• **Task directions**
Everything in the data must be repeated exactly, apart from the pictures, which are left out.

• **Exercise data**
--- START ---

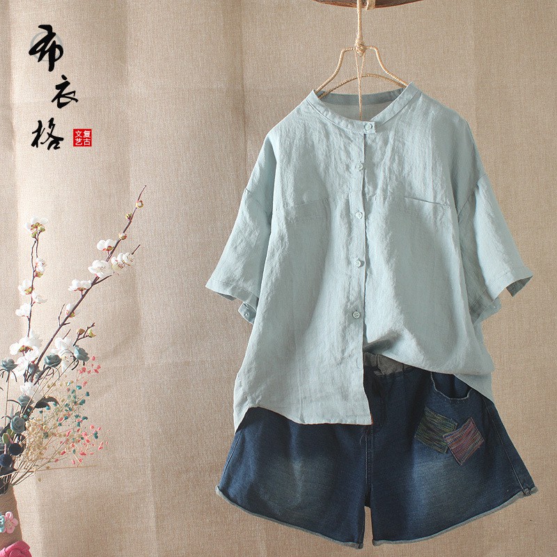 áo Sơ Mi Linen Cổ Trụ Nữ
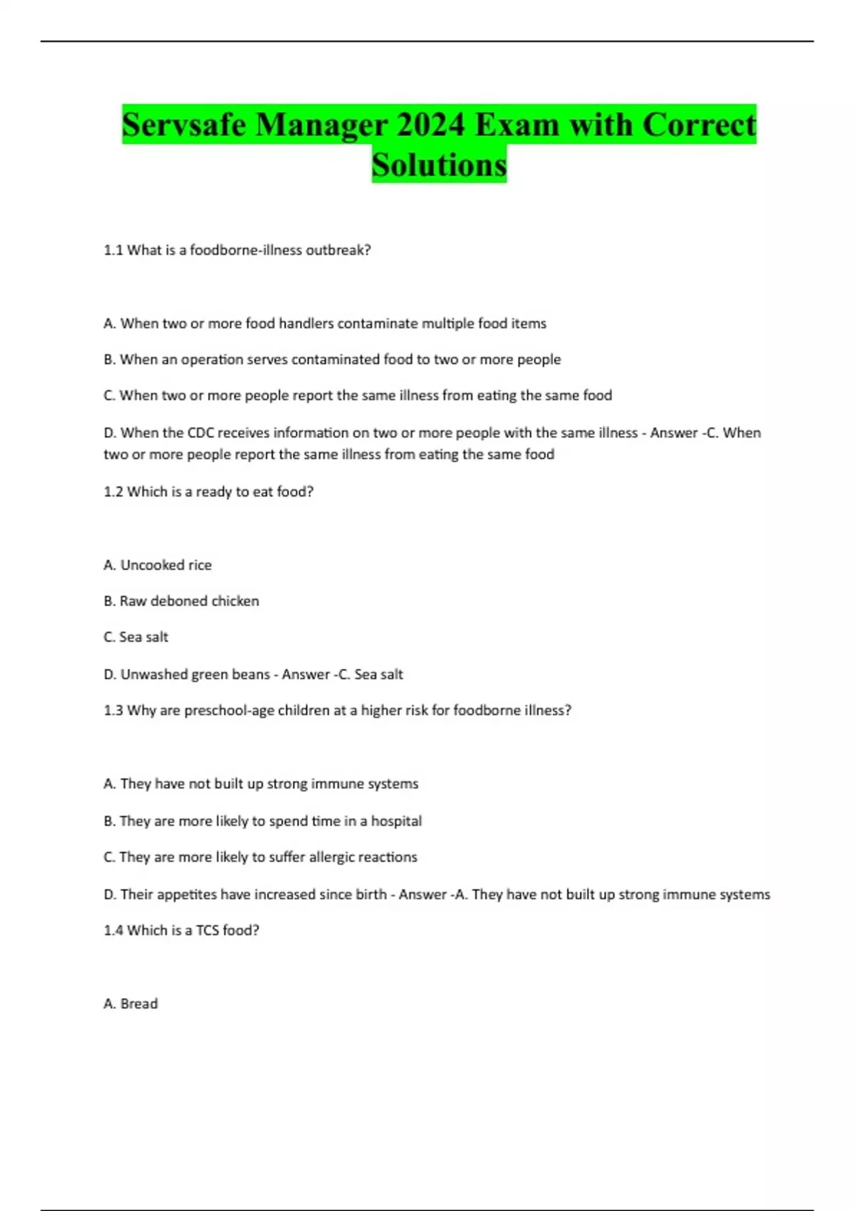Servsafe Manager 2024 Exam with Correct Solutions 1.1 What is a foodborne-illness outbreak? A. When two or more food handlers contaminate multiple food items B. When an operation serves contaminated food to two or more people C. When two or more people report the same illness from eating the same food D. When the CDC receives information on two or more people with the same illness - Answer -C. When two or more people report the same illness from eating the same food 1.2 Which is a ready to eat food? A. Uncooked rice B. Raw deboned chicken C. Sea salt D. Unwashed green beans - Answer -C. Sea salt 1.3 Why are preschool-age children at a higher risk for foodborne illness? A. They have not built up strong immune systems B. They are more likely to spend time in a hospital C. They are more likely to suffer allergic reactions D. Their appetites have increased since birth - Answer -A. They have not built up strong immune systems 1.4 Which is a TCS food? A. BreadB. Flour C. Sprouts D. Strawberries - Answer -C. Sprouts 1.5 The 5 common risk factors that can lead to foodborne illness are failing to cook food adequately, holding food at incorrect temperatures, using contaminated equipment, practicing poor personal hygiene, and A. reheating leftover food B. serving ready-to-eat food C. using single-use, disposable gloves D. purchasing food from unsafe sources - Answer -D. purchasing food from unsafe sources 1.6 Raw chicken breasts are left out at room temp on a prep table. What is the main risk that could cause a foodborne illness? A. Cross-contamination B. Poor personal hygiene C. Time-termperature abuse D. Poor cleaning and sanitizing - Answer -C. Time-temperature abuse 1.7 What is TCS food? A. Food requiring thermometer checks for security
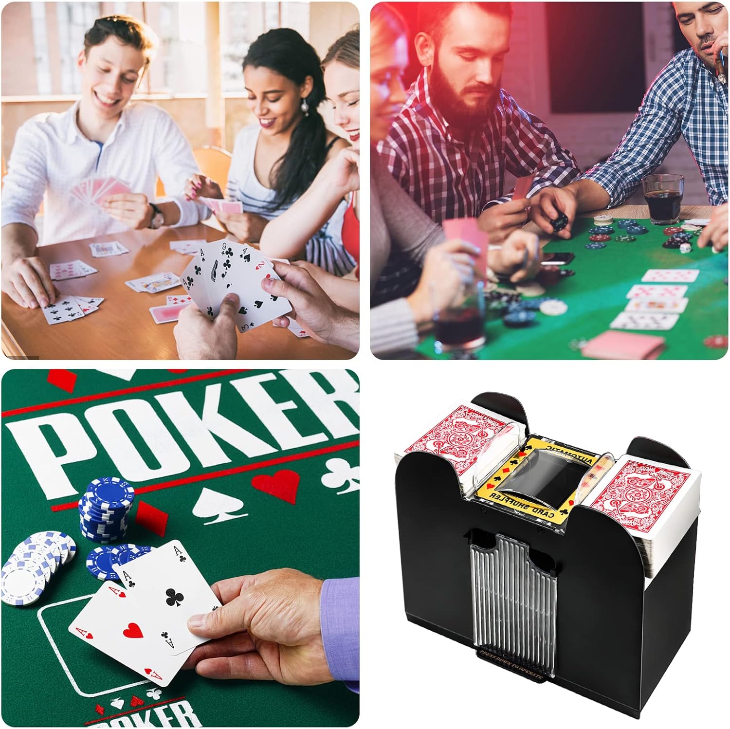 - 【More Convenient-Fully Automatic & Battery Operated】Just Want to play card more fun and convenient anywhere? Unniweei 1-6 decks automatic card shuffler is powered by 4 1.5V C batteries (Not Included). Battery powered,shuffle fast,Shuffles up to 1-6 decks cards in seconds, our automatic card shuffler can release your hand, which can makes your casino card game more fun and convenient. Our card shuffler holds up to 1-6 standard decks of cards.

--- END ---

• **Response to this task**
 áo Sơ Mi Linen Cổ Trụ Nữ
Servsafe Manager 2024 Exam with Correct Solutions 1.1 What is a foodborne-illness outbreak? A. When two or more food handlers contaminate multiple food items B. When an operation serves contaminated food to two or more people C. When two or more people report the same illness from eating the same food D. When the CDC receives information on two or more people with the same illness - Answer -C. When two or more people report the same illness from eating the same food 1.2 Which is a ready to eat food? A. Uncooked rice B. Raw deboned chicken C. Sea salt D. Unwashed green beans - Answer -C. Sea salt 1.3 Why are preschool-age children at a higher risk for foodborne illness? A. They have not built up strong immune systems B. They are more likely to spend time in a hospital C. They are more likely to suffer allergic reactions D. Their appetites have increased since birth - Answer -A. They have not built up strong immune systems 1.4 Which is a TCS food? A. BreadB. Flour C. Sprouts D. Strawberries - Answer -C. Sprouts 1.5 The 5 common risk factors that can lead to foodborne illness are failing to cook food adequately, holding food at incorrect temperatures, using contaminated equipment, practicing poor personal hygiene, and A. reheating leftover food B. serving ready-to-eat food C. using single-use, disposable gloves D. purchasing food from unsafe sources - Answer -D. purchasing food from unsafe sources 1.6 Raw chicken breasts are left out at room temp on a prep table. What is the main risk that could cause a foodborne illness? A. Cross-contamination B. Poor personal hygiene C. Time-termperature abuse D. Poor cleaning and sanitizing - Answer -C. Time-temperature abuse 1.7 What is TCS food? A. Food requiring thermometer checks for security
 - 【More Convenient-Fully Automatic & Battery Operated】Just Want to play card more fun and convenient anywhere? Unniweei 1-6 decks automatic card shuffler is powered by 4 1.5V C batteries (Not Included). Battery powered,shuffle fast,Shuffles up to 1-6 decks cards in seconds, our automatic card shuffler can release your hand, which can makes your casino card game more fun and convenient. Our card shuffler holds up to 1-6 standard decks of cards.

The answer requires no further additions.